[Exercise details]: With the pictures left out, please return exactly the line holding "Spread the love" and each following line until the entries end.

[Data]:
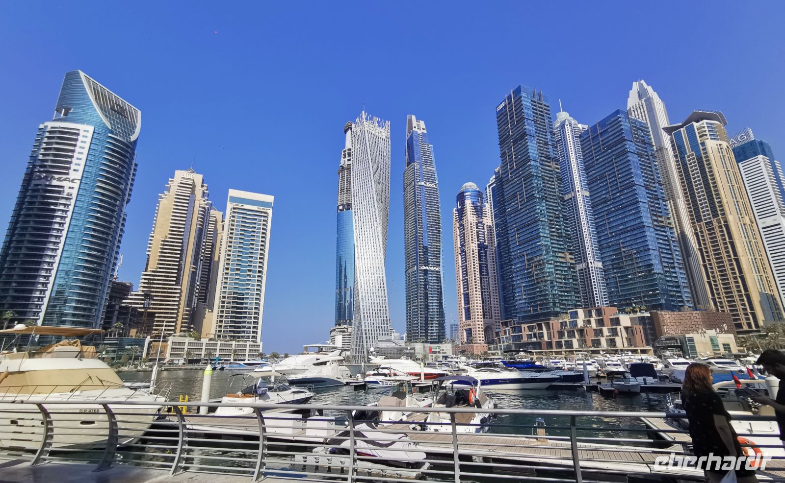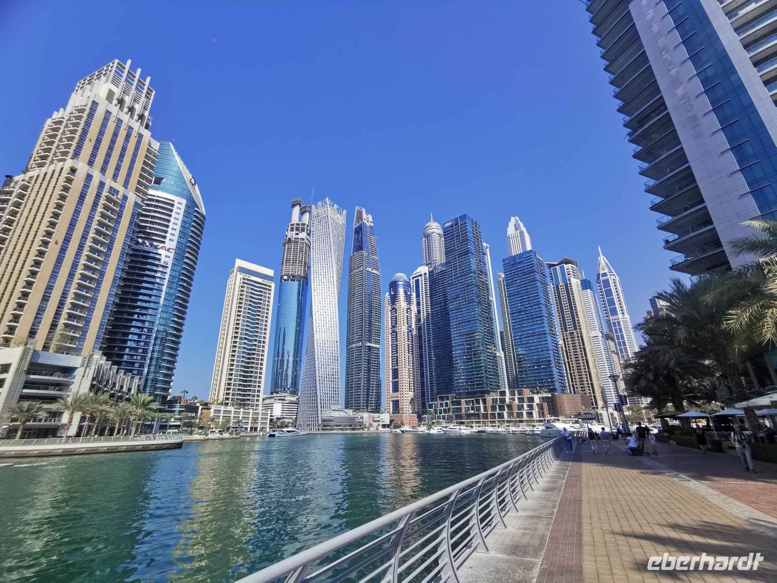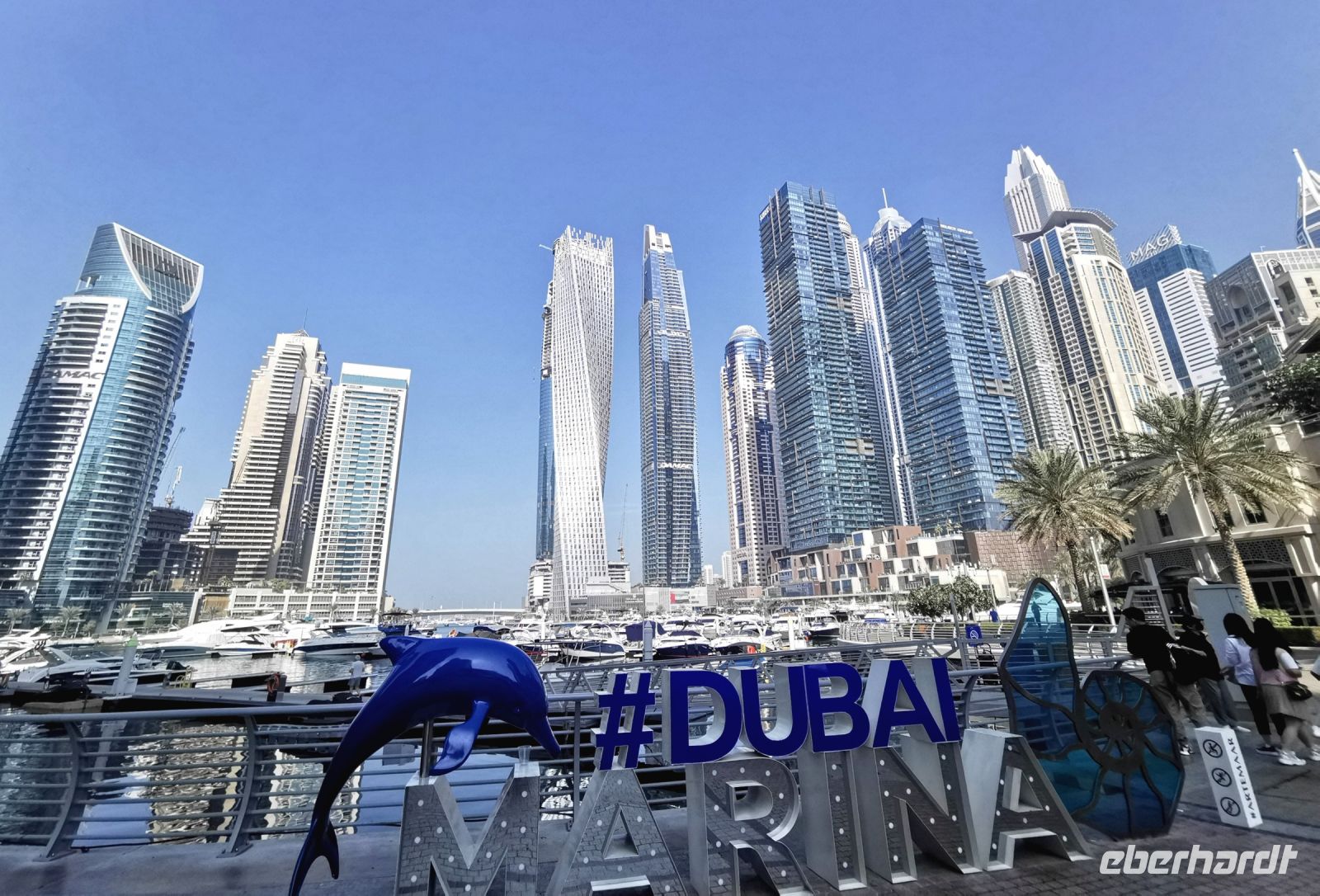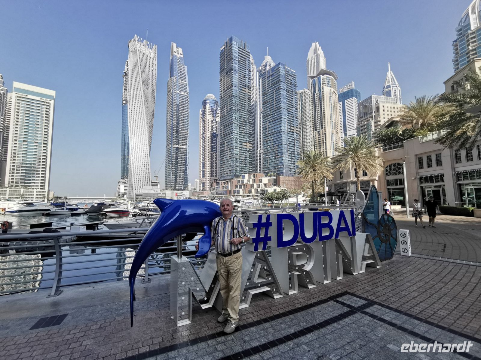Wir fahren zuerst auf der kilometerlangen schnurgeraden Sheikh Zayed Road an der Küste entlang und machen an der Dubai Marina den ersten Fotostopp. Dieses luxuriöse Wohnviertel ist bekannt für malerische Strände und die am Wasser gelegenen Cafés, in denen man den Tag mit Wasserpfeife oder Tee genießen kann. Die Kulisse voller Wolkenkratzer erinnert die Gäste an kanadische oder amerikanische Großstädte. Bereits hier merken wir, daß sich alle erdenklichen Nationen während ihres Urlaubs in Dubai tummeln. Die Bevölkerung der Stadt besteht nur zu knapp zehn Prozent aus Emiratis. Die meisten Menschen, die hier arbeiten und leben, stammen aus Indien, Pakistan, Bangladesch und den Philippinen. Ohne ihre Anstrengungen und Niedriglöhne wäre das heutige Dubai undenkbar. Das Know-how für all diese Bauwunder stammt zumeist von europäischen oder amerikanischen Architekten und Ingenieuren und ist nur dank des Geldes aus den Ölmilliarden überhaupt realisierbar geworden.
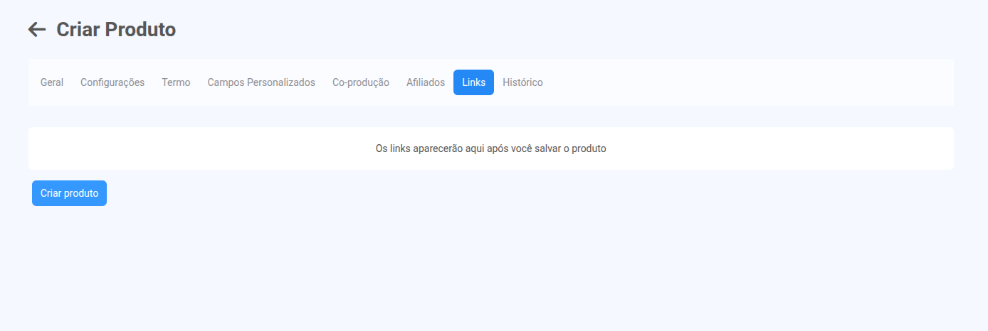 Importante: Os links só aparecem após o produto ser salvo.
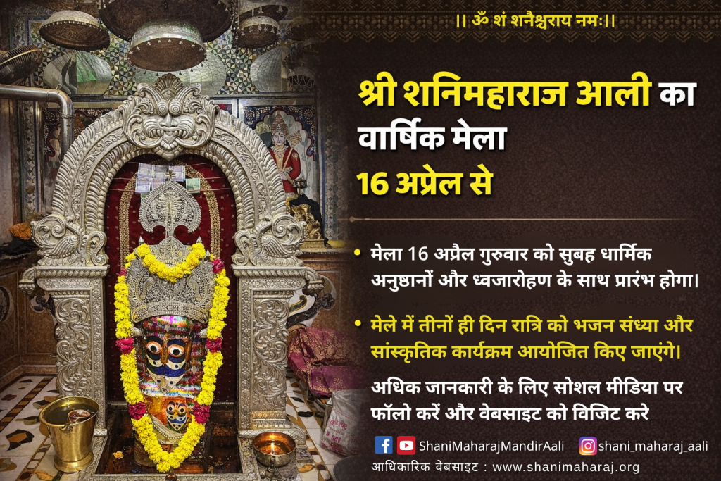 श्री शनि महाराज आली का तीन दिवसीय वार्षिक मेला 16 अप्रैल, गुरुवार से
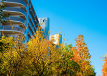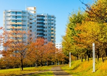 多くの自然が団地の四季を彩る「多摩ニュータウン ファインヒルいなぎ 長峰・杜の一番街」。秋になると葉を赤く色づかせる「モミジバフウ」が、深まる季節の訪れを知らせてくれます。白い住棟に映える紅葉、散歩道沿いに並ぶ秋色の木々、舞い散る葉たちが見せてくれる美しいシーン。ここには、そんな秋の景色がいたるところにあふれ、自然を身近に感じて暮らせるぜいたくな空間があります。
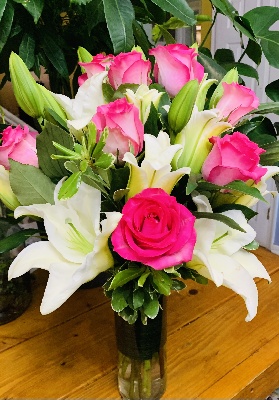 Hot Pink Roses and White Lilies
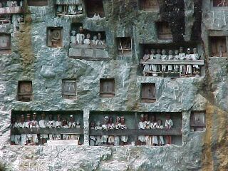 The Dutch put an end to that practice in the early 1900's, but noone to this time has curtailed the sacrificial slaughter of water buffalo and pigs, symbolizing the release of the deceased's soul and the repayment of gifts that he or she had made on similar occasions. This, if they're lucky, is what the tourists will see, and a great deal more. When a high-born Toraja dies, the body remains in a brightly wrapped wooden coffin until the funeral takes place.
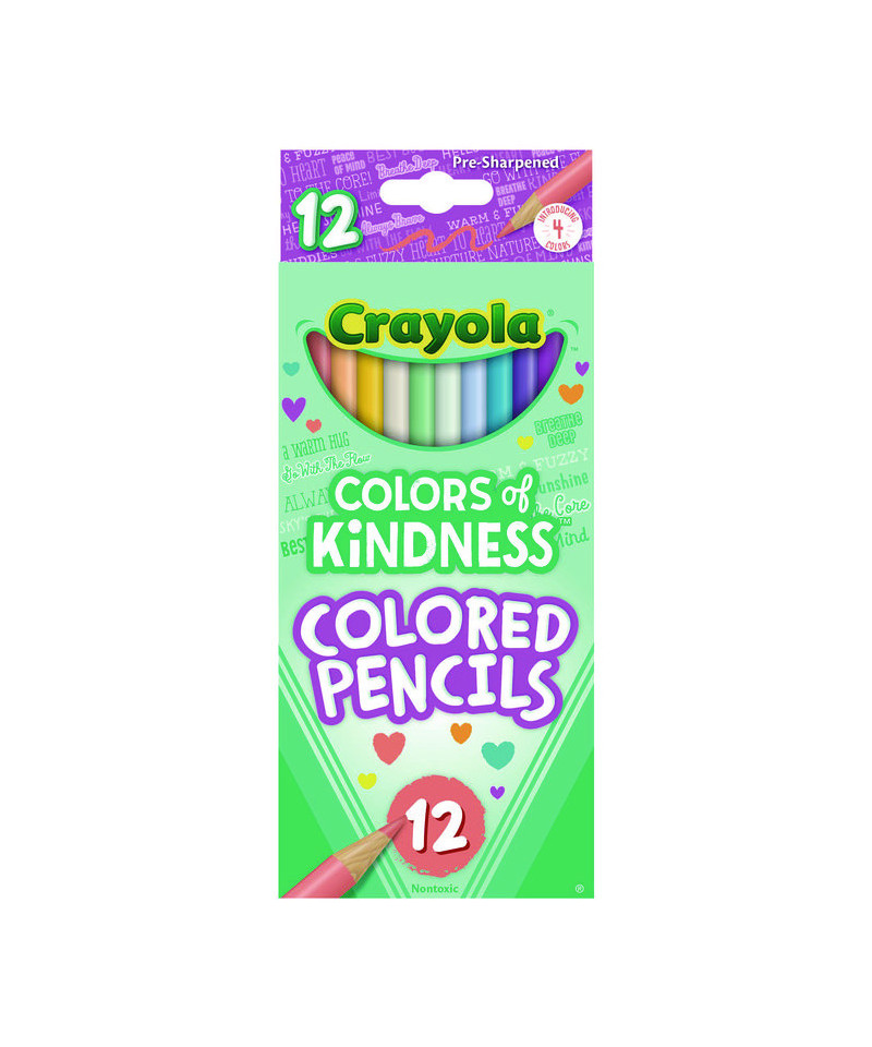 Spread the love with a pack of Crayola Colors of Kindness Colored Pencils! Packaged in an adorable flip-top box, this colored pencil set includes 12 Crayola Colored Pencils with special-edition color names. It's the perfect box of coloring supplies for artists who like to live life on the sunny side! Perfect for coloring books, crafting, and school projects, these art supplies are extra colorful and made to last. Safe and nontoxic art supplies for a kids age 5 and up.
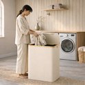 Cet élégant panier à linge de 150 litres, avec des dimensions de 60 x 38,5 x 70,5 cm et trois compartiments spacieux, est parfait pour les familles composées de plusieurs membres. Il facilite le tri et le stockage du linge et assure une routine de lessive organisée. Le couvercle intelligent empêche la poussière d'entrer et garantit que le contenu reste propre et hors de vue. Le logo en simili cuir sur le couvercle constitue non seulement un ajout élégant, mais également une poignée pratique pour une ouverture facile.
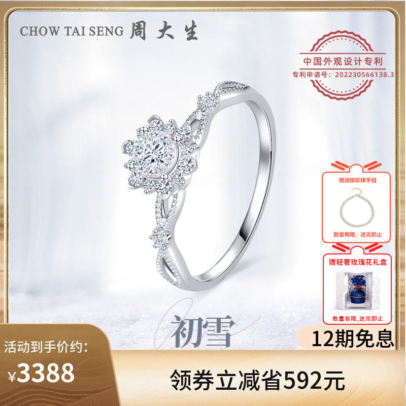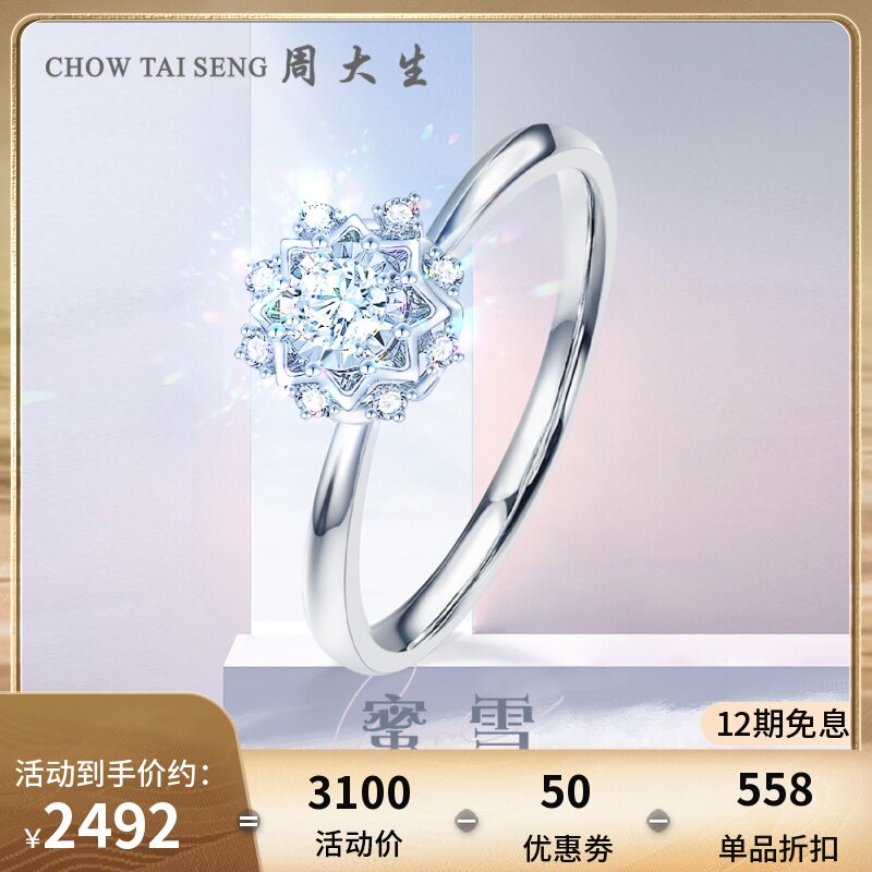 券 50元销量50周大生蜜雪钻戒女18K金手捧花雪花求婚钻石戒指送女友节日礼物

[Output for this task]:
 Spread the love with a pack of Crayola Colors of Kindness Colored Pencils! Packaged in an adorable flip-top box, this colored pencil set includes 12 Crayola Colored Pencils with special-edition color names. It's the perfect box of coloring supplies for artists who like to live life on the sunny side! Perfect for coloring books, crafting, and school projects, these art supplies are extra colorful and made to last. Safe and nontoxic art supplies for a kids age 5 and up.
 Cet élégant panier à linge de 150 litres, avec des dimensions de 60 x 38,5 x 70,5 cm et trois compartiments spacieux, est parfait pour les familles composées de plusieurs membres. Il facilite le tri et le stockage du linge et assure une routine de lessive organisée. Le couvercle intelligent empêche la poussière d'entrer et garantit que le contenu reste propre et hors de vue. Le logo en simili cuir sur le couvercle constitue non seulement un ajout élégant, mais également une poignée pratique pour une ouverture facile.
 券 50元销量50周大生蜜雪钻戒女18K金手捧花雪花求婚钻石戒指送女友节日礼物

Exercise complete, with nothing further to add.